The Problem I’m Actually Solving

Most “Agentic AIs” demos stop at planning. They generate a graph, maybe call a few APIs, and then quietly fall apart when:

  • A step takes 3 days instead of 3 seconds
  • A human approval is required
  • A service is down at 2 in the morning
  • The process needs an audit trail six months later

Civic systems live entirely in this failure mode. So I started from a simple constraint: LLMs may plan. They must never own execution state. Everything that follows is a consequence of that.

High-Level Architecture

At a glance, Mudda AI is split into two distinct orchestration layers:

  1. LLM Orchestration → Reasoning, planning, interpretation
  2. System Orchestration → Execution, retries, waiting, auditability

They serve different failure models, so I refused to collapse them into one abstraction.

HLD — Agentic Workflow v1

HLD — Agentic Workflow v1: Architecture showing the split between LLM and System Orchestration

LLM Orchestration vs System Orchestration

DimensionLLM Orchestration (LangGraph-style)System Orchestration (Temporal.io)
Primary roleInterpret intent, plan workflowsExecute workflows reliably
Typical durationMilliseconds to secondsHours, days, or weeks
State ownershipEphemeral / best-effortDurable and persisted
Failure modelRetry by re-promptingAutomatic retries, resumable
Human-in-the-loopPoor fitFirst-class support
AuditabilityLimitedFull execution history
Cost sensitivityToken-boundInfra-bound
When it breaksSilent or partialObservable and recoverable

Components: What They Are and Why They Live Under System Orchestration

Components are not tools in the LLM sense. I’ve added MCP-like components specifically for system orchestration. Each component behaves like a standalone API or microservice (e.g., sending emails, booking contractors, scheduling inspections, releasing budgets). These are not abstract capabilities; they are concrete system actions.

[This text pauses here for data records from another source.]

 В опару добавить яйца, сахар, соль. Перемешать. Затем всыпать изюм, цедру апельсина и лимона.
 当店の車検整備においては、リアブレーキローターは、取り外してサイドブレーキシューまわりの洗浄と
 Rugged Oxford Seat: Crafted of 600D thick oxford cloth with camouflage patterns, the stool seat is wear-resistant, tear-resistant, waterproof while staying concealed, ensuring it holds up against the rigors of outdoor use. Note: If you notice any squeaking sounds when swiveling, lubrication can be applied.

  • Is invoked like an API call
  • Executes as part of a Temporal workflow
  • Returns a structured response on completion
  • Leaves a linear, traceable execution path inside the system orchestration service
  • Contains sent and received requests’ content

Why they live under Temporal:

LLMs are not designed to wait for days, retry across deploys, track partial completion, or remain legally auditable. So components are executed exclusively under system orchestration (Temporal), where waiting and failure are normal states, not edge cases.

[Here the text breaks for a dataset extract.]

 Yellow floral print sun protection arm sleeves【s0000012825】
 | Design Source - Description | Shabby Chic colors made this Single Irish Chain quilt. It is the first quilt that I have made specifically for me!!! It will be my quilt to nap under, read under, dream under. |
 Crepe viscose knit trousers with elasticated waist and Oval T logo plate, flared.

The Two-Agent Planning Engine

At the heart of the system is a deliberately boring but reliable two-agent pipeline running on Gemini 2.0 Flash.

Agent 1: Component Selector

The first agent does nothing except reduce blast radius. It filters a subset of system components based on the user's problem statement. This exists for context control—keeping prompts smaller, plans tighter, and debugging easier.

Agent 2: Workflow Plan Maker

The second agent plans within strict boundaries. It generates a Directed Acyclic Graph (DAG) represented as executable JSON, binding concrete API actions to each step and marking steps requiring human approval.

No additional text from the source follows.